# Wood Duck boxes



## BeardsandSpurs (Jan 4, 2013)

Has anyone ever used a wood duck box on their place? Just how do they work? Any insight will be helpful. Trying to get into the conservation part of duck hunting instead of just the shooting part.


----------



## DamonRossFoster (Jan 4, 2013)

I built a nice one last year, even painted it to look like a tree.  I was trying to attract a woodie hen from neighboring waters to my pond; a place woodies don't frequent.  Didn't have any luck though.  'Twas a little disappointing.  I was looking forward to watching a brood hatch and grow...

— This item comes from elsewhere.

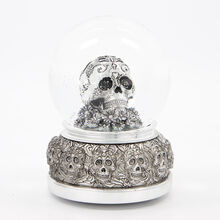 Cremefarbene Schneekugel mit Skelettmotiv 17x11cm

I will say this, when you construct your box; be sure to have the right dimentions and entry hole size.  Wood ducks also require fresh bedding each year.  The birds don't place it there themselves so it's an annual maintenance procedure.  Bedding has to be soft yet non absorbant, otherwise the eggs rot or something like that.  And last, but definately not least, there needs to be a "ladder" inside the box for the hatchlings to climb out of the box, otherwise they just starve to death inside.  

I'm pretty sure ducks.org has step by step instructions for all of this too so you may want to check that out.  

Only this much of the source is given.